Each trial child run logs:
- XGBoost parameters (xgb.*)
- Mean CV log-loss across walk-forward folds (cv.logloss_mean)
- Trial number
Parent run logs the best parameters (best.*) and best CV log-loss at study completion.
final_train stage¶
The definitive training run. This is the only run that evaluates on the held-out test set.
Tags logged:
| Tag | Value |
|---|---|
pipeline.stage |
final_train |
pipeline.scope |
parent |
pipeline.variant |
baseline |
model.family |
Algorithm family (e.g., gradient_boosting) |
Parameters logged:
| Param group | Contents |
|---|---|
model.* |
Model name |
data.* |
Training rows, holdout rows, target column, fraction |
features.* |
Number of numeric and categorical features |
best.* |
Best hyperparameters from tuning stage |
Metrics logged:
- Holdout log-loss, accuracy, Brier score
- ECE (calibration error) — before and after calibration when calibration is enabled
- Precision, recall, F1 per class
Artifacts logged:
model/— the serialisedsklearnpipeline (or calibrated wrapper) as MLflow pyfunc- Calibration curves
- Confusion matrix (multi-class)
- Feature importance plot
Dataset input logged:
- MLflow dataset object pointing to the training parquet with source path
Lineage chain¶
Each final_train run is traceable through:
MLflow run
├── tag: data.version = DVC hash of data/processed/dataset.parquet
├── tag: pipeline.git_sha = git short SHA
├── tag: pipeline.params_hash = SHA-256 of params.yaml
├── MLflow dataset input: source = filesystem path to dataset.parquet
└── params: best.* = tuned hyperparameters from xgb_best_params.json
Given an MLflow run ID, you can recover:
- The exact dataset version (via data.version tag → dvc checkout).

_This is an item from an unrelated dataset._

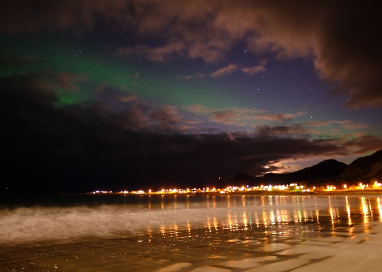 Als het op de Lofoten vanaf eind augustus weer echt donker wordt, gebeurt er nog iets sprookjesachtigs. Boven je hoofd verschijnen groene en paarse sluiers die dansen aan de hemel: het noorderlicht. Volgens oude Noorse verhalen zijn het de geesten van opa’s en oma’s, die een lange, vrolijke reis langs de sterren maken. Op zich niks mis mee, maar in het Polar Light Center op het eiland Austvågøya legt kenner Rob Stamnes geestdriftig uit dat die opa's en oma's eigenlijk geladen deeltjes van de zon zijn, die botsen met onze atmosfeer. Welke variant je ook gelooft: het verschijnsel blijft voelen als pure magie.
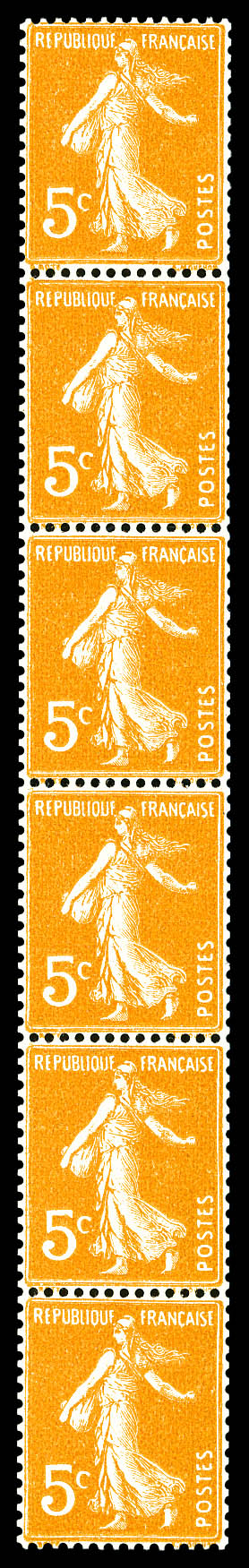 2124 nh imageN°8, 5c Semeuse orange, bande de six verticale (N°158c). TTB Qualité: ** Cote: 185 euros (Image)

- The exact code version (via pipeline.git_sha tag).
- The exact configuration (via logged params + params.yaml in git).
Filtering runs in the UI¶
To find all ablation runs: filter by tags.pipeline.stage = 'ablation'
To find elo-only runs: filter by tags.pipeline.variant = 'elo_only'
To find all smoke runs: filter by tags.pipeline.run_kind = 'smoke'
To find the winning final model runs: filter by tags.pipeline.stage = 'final_train'
What MLflow is not responsible for¶
- Serving: models are loaded from the registry by
PredictionService; MLflow tracking is not in the hot path. - Feature computation: features are DVC-tracked Parquet files, not MLflow datasets.
- Monitoring / drift detection: Evidently is the planned monitoring tool; not yet integrated.
- A/B testing: not implemented. Promotion is manual via the registry.
Running the MLflow UI¶
Navigate to the matches_clf experiment to see all training and tuning runs.